▶ _Exercise directions_: Beginning with the line containing "Crown Designs Rabbit" and going on through the line containing "Whether worn alone", the lines below are to be returned exactly, pictures excluded and nothing added.
### Source records
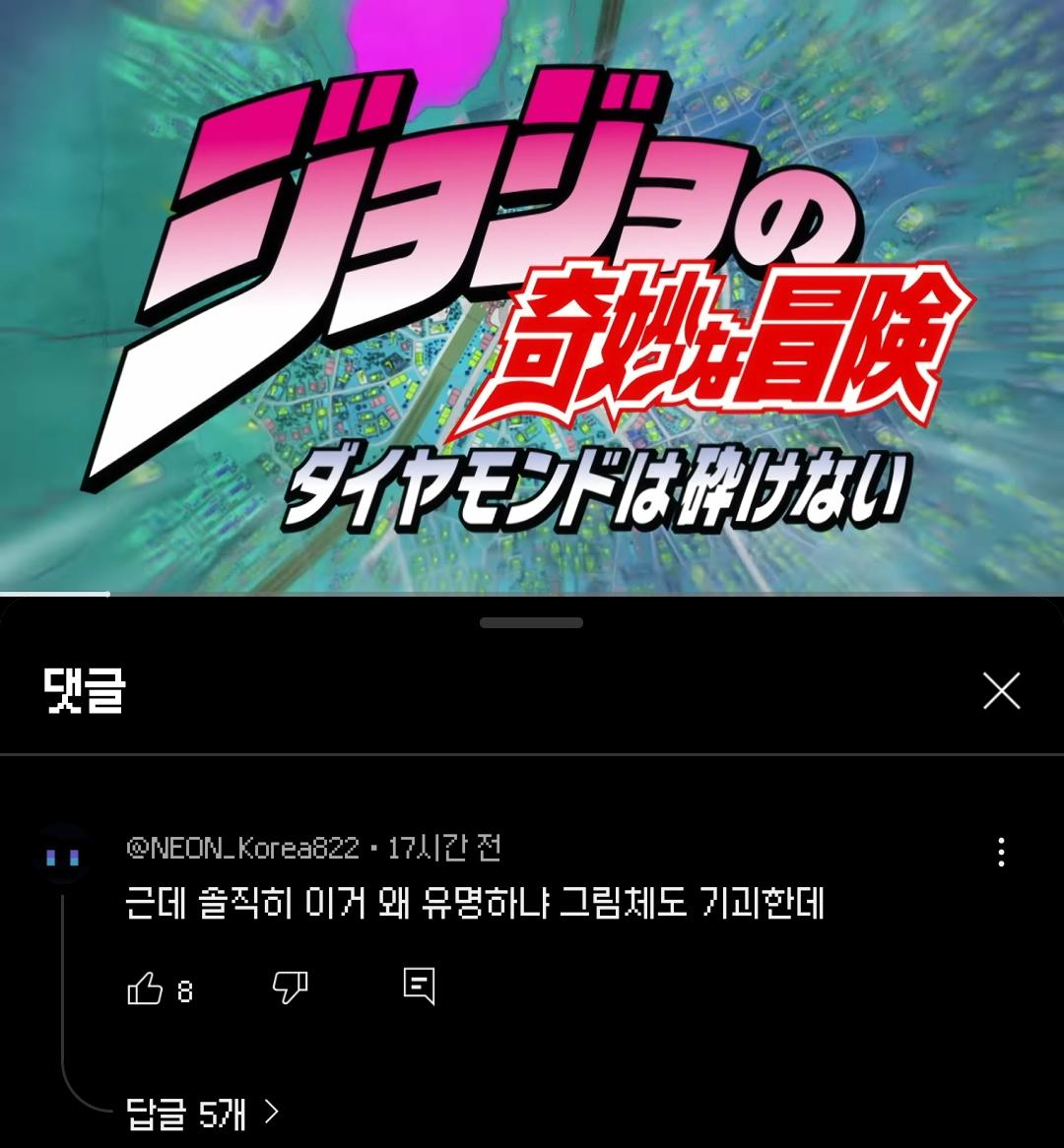 최근 뮤즈 애니 코리아가 유튜브에서 죠죠 시리즈 공식업로드 중이라서 간만에 다시 봐버림.
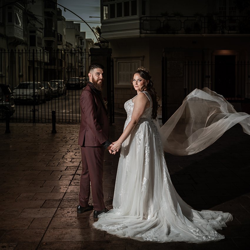 After the ceremony, we stopped at The Stazzjon in Birkirkara for the couple session. The rustic charm, warm tones, and vintage architecture made for timeless photographs — a blend of urban texture and romantic stillness.
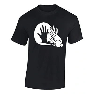 Crown Designs Rabbit Hand Shadow Puppet Funny Cool for Men & Teenagers T Shirts Tops Black/Medium
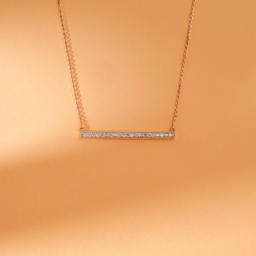 Whether worn alone as a statement piece or layered with other necklaces for a trendy look, our Long Diamond Bar Necklace is sure to become a staple in your jewelry collection.
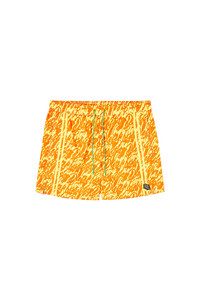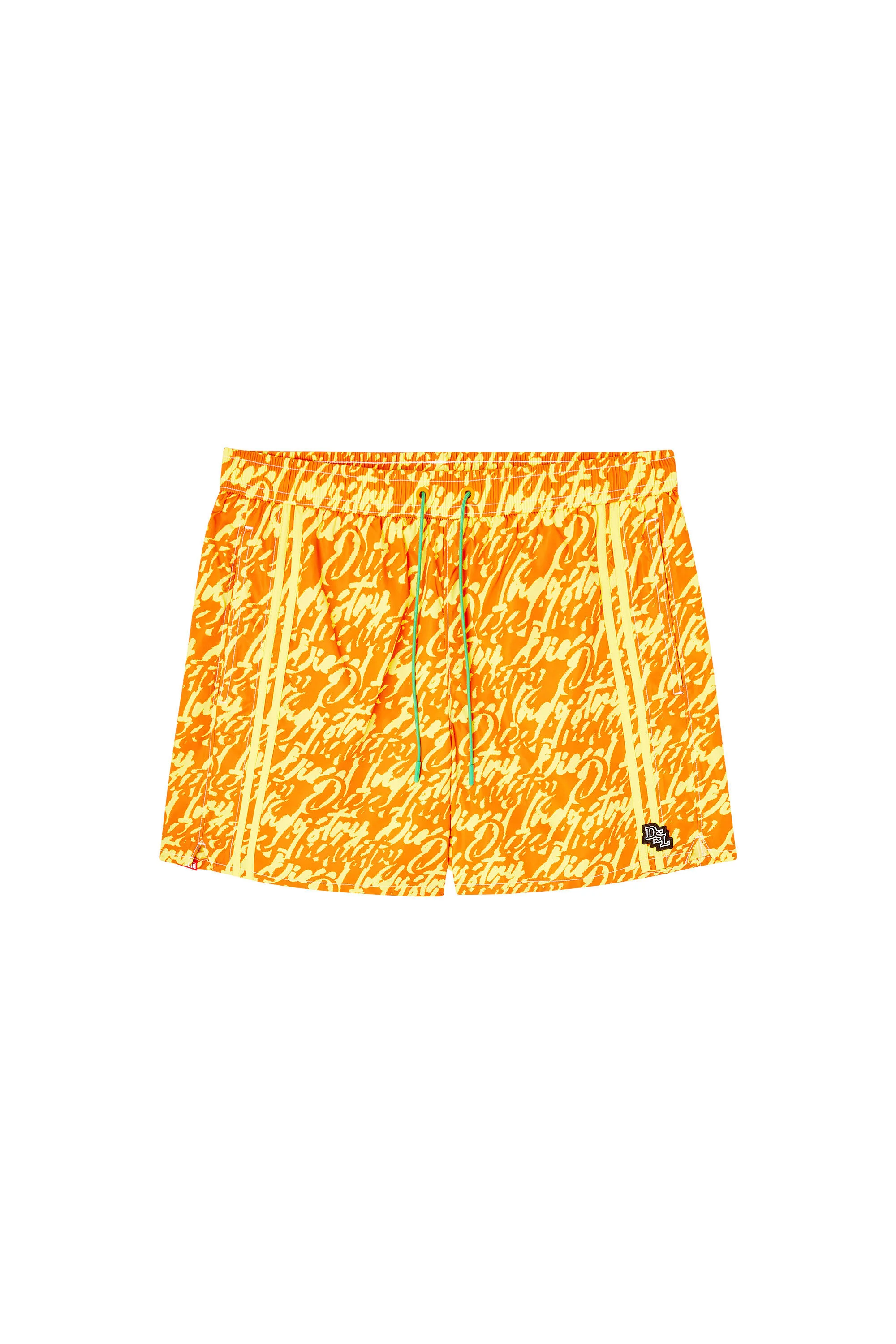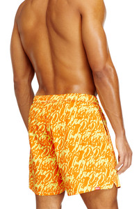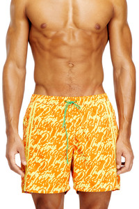 Product Description Medium-length swimming trunks made of recycled nylon with mesh pocket lining. The shorts feature an all-over graphic print that interprets the Diesel logo in fluid lettering. Complete with a contrasting drawcord with branded rubber tips, a signature rubber eyelet at the center front, and two solid side stripes for a sporty twist. A DSL patch is embroidered at the front left hem. ID: A205260EGDN Size & Fit Model is wearing a size L and is 182 cm / 5'10'' Check the size chart to choose the correct size. Materials & Details Composition: 100%Polyester Drawstring waist Side pockets Lined
######
▶ _Response to the exercise_:
 Crown Designs Rabbit Hand Shadow Puppet Funny Cool for Men & Teenagers T Shirts Tops Black/Medium
 Whether worn alone as a statement piece or layered with other necklaces for a trendy look, our Long Diamond Bar Necklace is sure to become a staple in your jewelry collection.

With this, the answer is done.